I kind of want to take a break from it though. I really do like the writing, but the plot moves so slowly, and grudging through those thousand pages of mast/rudder descriptions is painful. Do you all have any expirience with just taking a break from a book? Where is a good place to stop? Or should I just power through that (I'm leaning towards the latter)
>>
>>7812602
I tried taking a short break from Heart of Darkness.

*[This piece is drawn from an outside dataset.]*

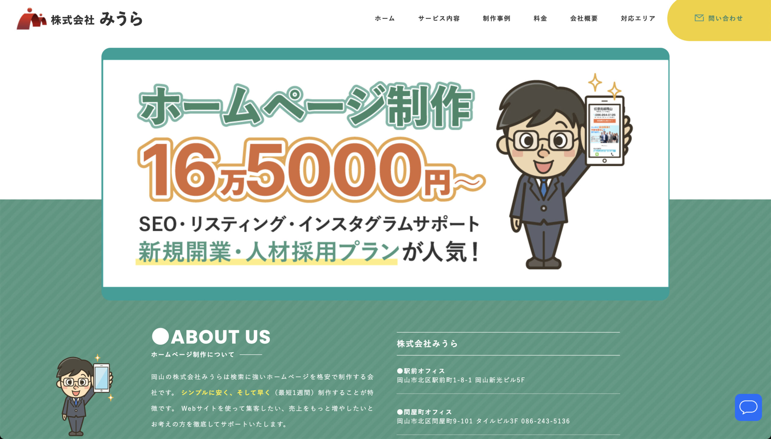 株式会社みうらは、岡山県岡山市に拠点を置くホームページ制作会社です。

that was four years ago and I haven't gone back yet
>>
>>7812475
yes, i am implying that, because it isn't.
>>
>>7804440
If you have a crochet hook, some yarn or twine, and youTube, you can learn to crochet really easily. No books required. (I actually learned out of a book, though. I just did a refresher on youTube when I was coming back to crochet after 4 years. YouTube is a resource.)
>>
>>7812607
>
HoD is a book you should be able to read in a single day
>>
>>7806106
Creating art is great and all, but if you're going to share it with a wider audience, then there had better be some sort of recompense. Spending 200 hours devoting yourself to this one thing, and having someone else (or multiple people) enjoy that something you slaved over for free, is a pretty shitty feeling, no matter what you created it for in the first place.

If you worked on it for 200 hours with either the intent of gifting a piece of art to one specific person, or keeping it for yourself, is quite different.

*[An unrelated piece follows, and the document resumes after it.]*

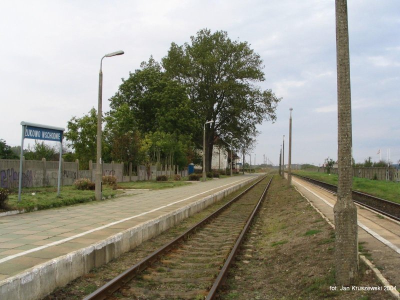 Żukowo Wschodnie. Widok na peron i budynek dworca w kierunku północno-wschodnim.

At some point, art really does become a commodity.
>>
>>7812607
This is my fear. I'm going to stick with it, the sense of accomplishment will far outweigh the immediate relief, I feel.
>>
Good night, bunch of fags readers.
I would like to express my doubts about the DDC (or Decimal Dewey Classification), and I want to know were I can download tutorial about this system. Thanks!
>>
What is the best version of St. Augustine's Confessions in hardcover? Is the Hendricks version good? I intend to give it as a gift to a friend of mine.
>>
Is it fedora to not be religious, or does the fedora only come into play when you act like a jackass about it?
>>
>>7813769
Depends, some of the worst fedoras are suburban american nerds with an incongruous fetish for catholicism and orthodoxy
>>
Can someone recommend me a couple books on existentialism?